* _What this task involves_
Retype the listing below line for line, but only from the line with "C11 Beigegul RAL: 1001 – NCS S 3020-Y 20 R" down to the line with "9. maijā, Uzvaras", inclusive. Pictures stay out.

* _Given entries_
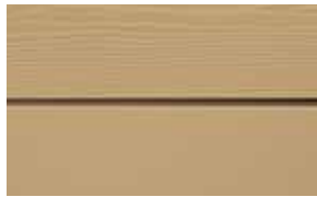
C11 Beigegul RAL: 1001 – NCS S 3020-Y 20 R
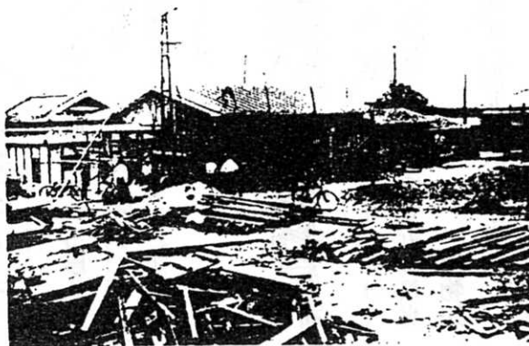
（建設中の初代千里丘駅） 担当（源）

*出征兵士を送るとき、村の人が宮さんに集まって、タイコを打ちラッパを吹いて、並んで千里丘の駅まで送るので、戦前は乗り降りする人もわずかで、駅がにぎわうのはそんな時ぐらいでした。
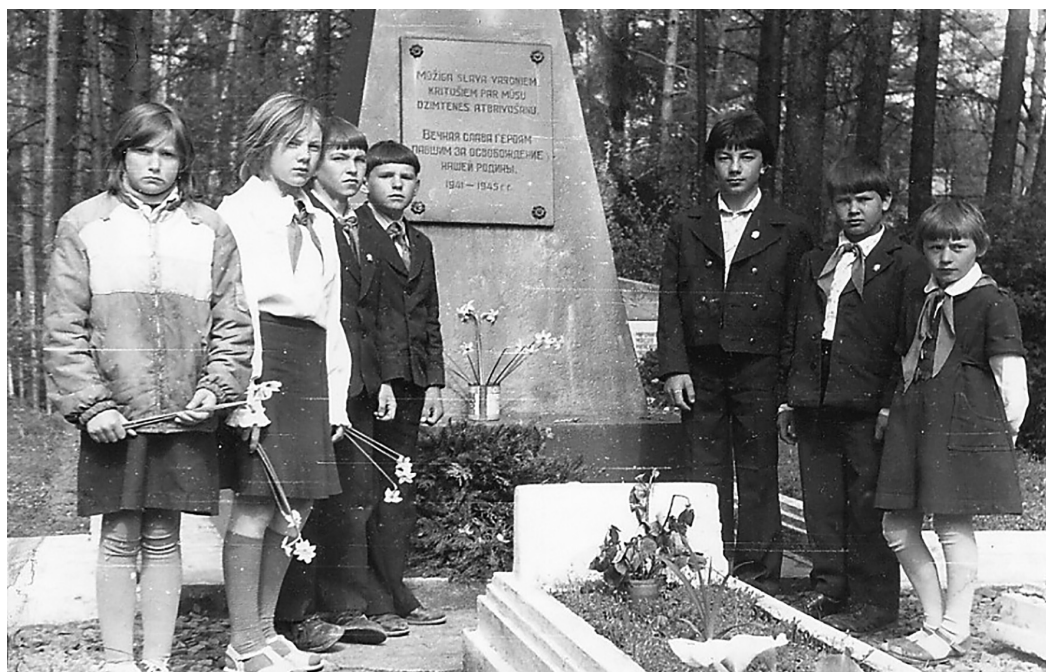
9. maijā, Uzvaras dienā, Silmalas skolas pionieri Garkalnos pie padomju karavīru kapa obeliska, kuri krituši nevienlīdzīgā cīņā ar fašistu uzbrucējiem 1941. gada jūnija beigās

--

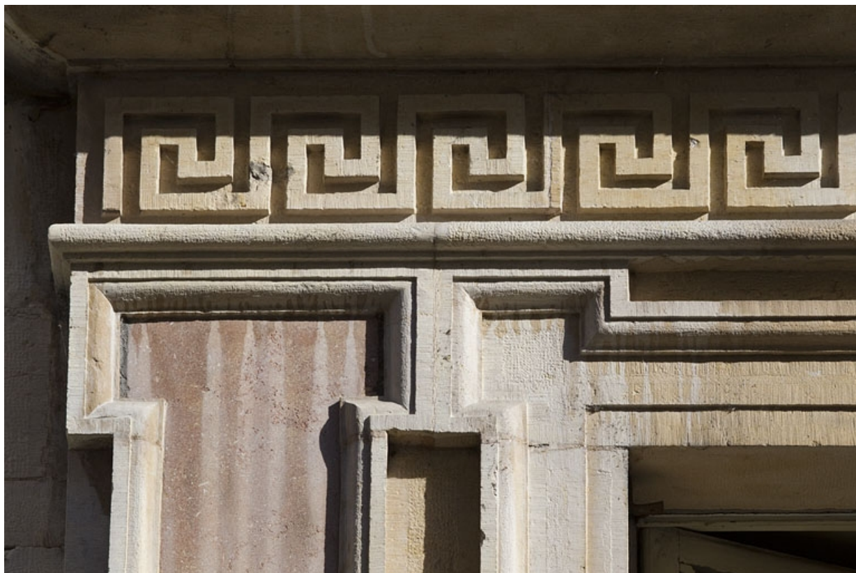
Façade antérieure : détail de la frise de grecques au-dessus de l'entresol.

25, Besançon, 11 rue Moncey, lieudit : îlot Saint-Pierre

* _Answer to the exercise_
C11 Beigegul RAL: 1001 – NCS S 3020-Y 20 R
（建設中の初代千里丘駅） 担当（源）

*出征兵士を送るとき、村の人が宮さんに集まって、タイコを打ちラッパを吹いて、並んで千里丘の駅まで送るので、戦前は乗り降りする人もわずかで、駅がにぎわうのはそんな時ぐらいでした。
9. maijā, Uzvaras dienā, Silmalas skolas pionieri Garkalnos pie padomju karavīru kapa obeliska, kuri krituši nevienlīdzīgā cīņā ar fašistu uzbrucējiem 1941. gada jūnija beigās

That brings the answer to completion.